To a large extent, I think that a lot of this is symptomatic of Greyhawk itself. The setting's footprint has always been more meta-contextual (i.e. been more about the history of TSR, Gygax, and D&D) than in-character. While virtually all of the game's most classic adventures have been set there, they told us very little about the setting
as a setting. Sure, we all picked up bits from modules such as
T1-4 The Temple of Elemental Evil and
S4 The Lost Caverns of Tsojcanth, among others, but they always felt like very tiny pieces of a puzzle that wasn't ever really put together.
And that was much truer at the beginning of the 90s than it is today. Sure, the
World of Greyhawk had been released twice (once as a folio, then as a boxed set) in the early 80s, and AD&D 2E saw the fairly quick release of
Greyhawk Adventures (which was sort of a hybrid 1E/2E book),
The City of Greyhawk,
Greyhawk Wars, and
From the Ashes (the latter of which would kick off Carl Sargent's run of the setting, which today remains my favorite take on it)...but while each of these fleshed out the setting more, it all seemed to come too late and detail too little. The
Flanaess is a single sub-continent where all the action happens; it's like presenting a "World of Earth" setting that's stubbornly focused on India; at some point, the single sub-continent starts to feel provincial.

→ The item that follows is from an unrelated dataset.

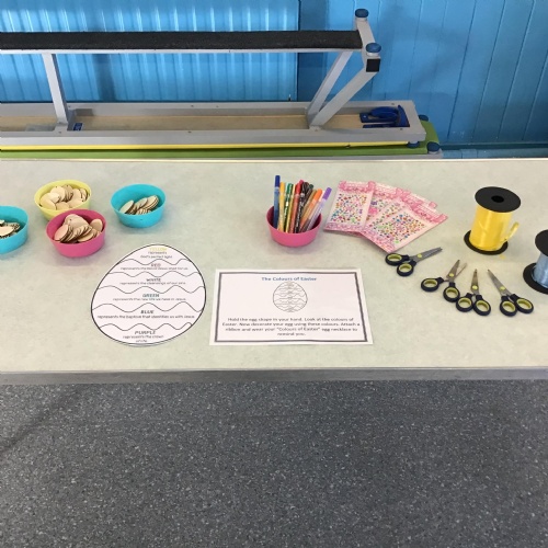 The Colours of Easter focusing on the meaning of the colours whilst decorating egg necklaces.

To be fair, 3E tried to fix that with its
Chainmail skirmish game (no relation to Gygax's fantasy rulebook of the same name from a few decades prior) in the early days of 3E, but by then it was already too late.
All of which is to say that MC5
does manage to encapsulate the spirit of Greyhawk, but does so in a way that highlights the setting's deficiencies more than its strengths. In a way, this book is the perfect microcosm of the tragedy of Greyhawk, in that it has several highlights which ultimately aren't enough to carry it to lasting glory. Shadow dragons and swordwraiths can't stand up to page after page of bookas, grungs, needlemen, and yet more giant versions of normal creatures: iguanas, turtles, crows, dragonflies, etc. It all just-
...wait, this is the product that gave us AD&D 2E stats for the grippli? Quite possibly the cutest little monster in all of D&D?
Oh my gosh, he's so adorable! Look at him with that tiny little sword and his "grr, I'm fierce!" expression! Even his name sounds like something Mister Rogers came up with!
Forget what I said before: MC5 is indispensible to your AD&D 2E game.